No you could argue that it's still ?, except anything above the state-mandated level would be illegal, which puts us right back to where we started.
Yet, as consumers and innovators grow, the Washington State Liquor Control Board, the group kicked out the door of liquor privatization last year and crawled back in the window marijuana regulation this year is going to cap the amount of marijuana produced... you know, now that it's legal and all:
http://seattletimes.com/html/l.....esxml.html
Because markets always work best when government sets production limits and price controls. Fuck... can we just make it illegal again?
You can't fool *me*, Paul. That blockquote is from The Onion.
Do you think I'm going to be buying my weed from a store, Paul? Fuck the Liquor Board morons. I'll continue to get mine from those who do it well.
It was obvious they were going to fuck this up, the question was only "how much"? And, of course, we now see that it looks like "completely".

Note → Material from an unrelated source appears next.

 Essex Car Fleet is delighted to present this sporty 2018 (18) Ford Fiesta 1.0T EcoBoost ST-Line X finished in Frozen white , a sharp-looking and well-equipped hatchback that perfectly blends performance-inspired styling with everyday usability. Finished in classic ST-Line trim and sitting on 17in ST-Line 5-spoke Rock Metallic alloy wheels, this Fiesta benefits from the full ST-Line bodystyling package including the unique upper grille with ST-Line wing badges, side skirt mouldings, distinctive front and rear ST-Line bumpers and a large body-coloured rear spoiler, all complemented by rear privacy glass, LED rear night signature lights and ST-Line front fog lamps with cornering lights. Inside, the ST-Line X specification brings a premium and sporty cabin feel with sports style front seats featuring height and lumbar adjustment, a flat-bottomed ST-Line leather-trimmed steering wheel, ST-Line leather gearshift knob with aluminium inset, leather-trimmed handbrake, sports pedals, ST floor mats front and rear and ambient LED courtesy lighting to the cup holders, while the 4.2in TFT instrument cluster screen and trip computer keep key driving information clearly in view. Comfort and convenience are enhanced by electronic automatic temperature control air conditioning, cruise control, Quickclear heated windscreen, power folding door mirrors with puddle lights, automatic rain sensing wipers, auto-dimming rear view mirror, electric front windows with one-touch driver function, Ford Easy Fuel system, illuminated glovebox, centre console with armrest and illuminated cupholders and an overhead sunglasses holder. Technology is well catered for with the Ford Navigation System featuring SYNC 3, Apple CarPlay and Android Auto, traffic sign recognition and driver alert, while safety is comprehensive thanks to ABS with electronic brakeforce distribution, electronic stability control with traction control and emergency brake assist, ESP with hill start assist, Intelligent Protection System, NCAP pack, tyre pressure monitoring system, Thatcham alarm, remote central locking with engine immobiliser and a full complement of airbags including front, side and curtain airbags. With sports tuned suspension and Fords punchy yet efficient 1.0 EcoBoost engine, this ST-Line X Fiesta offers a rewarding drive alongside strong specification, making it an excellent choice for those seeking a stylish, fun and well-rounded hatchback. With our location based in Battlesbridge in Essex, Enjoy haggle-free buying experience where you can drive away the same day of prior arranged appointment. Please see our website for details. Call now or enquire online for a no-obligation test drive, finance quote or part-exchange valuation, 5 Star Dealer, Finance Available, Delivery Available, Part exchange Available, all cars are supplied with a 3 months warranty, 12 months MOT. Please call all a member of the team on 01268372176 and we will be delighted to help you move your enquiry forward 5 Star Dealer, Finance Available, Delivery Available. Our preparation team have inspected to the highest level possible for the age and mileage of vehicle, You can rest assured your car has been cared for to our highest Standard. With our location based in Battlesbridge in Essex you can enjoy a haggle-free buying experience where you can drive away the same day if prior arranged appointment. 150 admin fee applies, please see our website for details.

Yeah, I don't understand exactly how legislators think they can control a plant that will grow fucking anywhere.
And that they couldn't even remotely control when it was illegal. Now it's legal, and even if home production is still illegal, that's going to change from before...how?

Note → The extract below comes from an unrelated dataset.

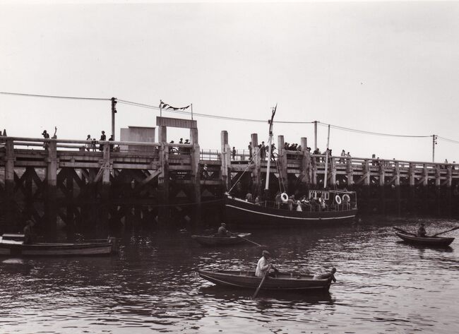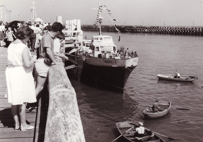 Formaat : 13 x 18 cm. - De Franlis II waarmee zeetochtjes werden gemaakt ligt vertrekkensklaar aan het Weststaketsel. Op de voorgrond een drietal jollen met gewezen vissers, die nog een cent bijverdienden door mensen naar…

Yeah... It's harder for me to get painkillers than pot here in NC.
I know a fucking deputy sheriff that grows.
SWATed!
The plant will grow anywhere. Good weed will not.
Not that that stops them spending loads of money eradicating unsmokeable ditch weed.

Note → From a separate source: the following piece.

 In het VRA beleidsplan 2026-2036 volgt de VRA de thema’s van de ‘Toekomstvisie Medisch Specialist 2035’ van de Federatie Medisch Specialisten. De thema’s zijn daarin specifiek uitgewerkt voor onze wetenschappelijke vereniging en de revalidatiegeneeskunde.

You should see the ditches of the Union Pacific RR through Kansas and Oklahoma, hemp and ditchweed everywhere. It looked like a high times photo (from afar).
They told us the feds grew hemp out there during WWII, and they long-since quit trying to put that genie back in the bottle.
Do you think I'm going to be buying my weed from a store, Paul?
I'll bet Williams Sonoma would have good stuff... in those little fancy expensive jars next to the peppercorns they're always out of?
LOL
Total pot production would be capped at 40 metric tons next year in rules approved Wednesday by the state Liquor Control Board.
"Hey guys, lets find a new way to fuck up the economy today."
"I know, how about production caps?"
"My god, Shriek, you're brilliant!"
I met someone who bemoaned the idea that if weed was legal and Wal-Mart got a hold of it, that would ruin Marijuana. I told him he was an idiot. That there'd only be one kind of weed. Wal-mart doesn't have one kind of anything. See: toothpaste isle. There'd be 5 or 6 kinds of weed from grams to pounds. Pipes, pipe parts, seed removers, Black light posters, ceramic bongs, glass bongs, loopy loop bongs, vaporisers, bong cleaner, made to order bongs shipped within 24 hours for free. God I can't wait.
But... Wal-Mart! Living wages and... something Kochs!
WalMart, subpar quality and disturbing customers, what's not to love?
Yes, those are my main reasons for not shopping there, when I get the same product, same brand from two different retailers and have a visibily different level of quality, I'm going with the one that will last longer.
WalMart, subpar quality and disturbing customers, what's not to love?
Why progressives hate walmart. Because tolerance and looking out for the little guy!
Remember, progressives love the little guy, as long as they don't have to, you know, interact with him or have him living in their neighborhoods!
The local rightwing radio station has a Stock Tip of the Day thing. Today it was a company who makes inventory software for medical marijuana dispensaries.
7.6 million is not double the population of Colorado.
But the real number of daily smokers is.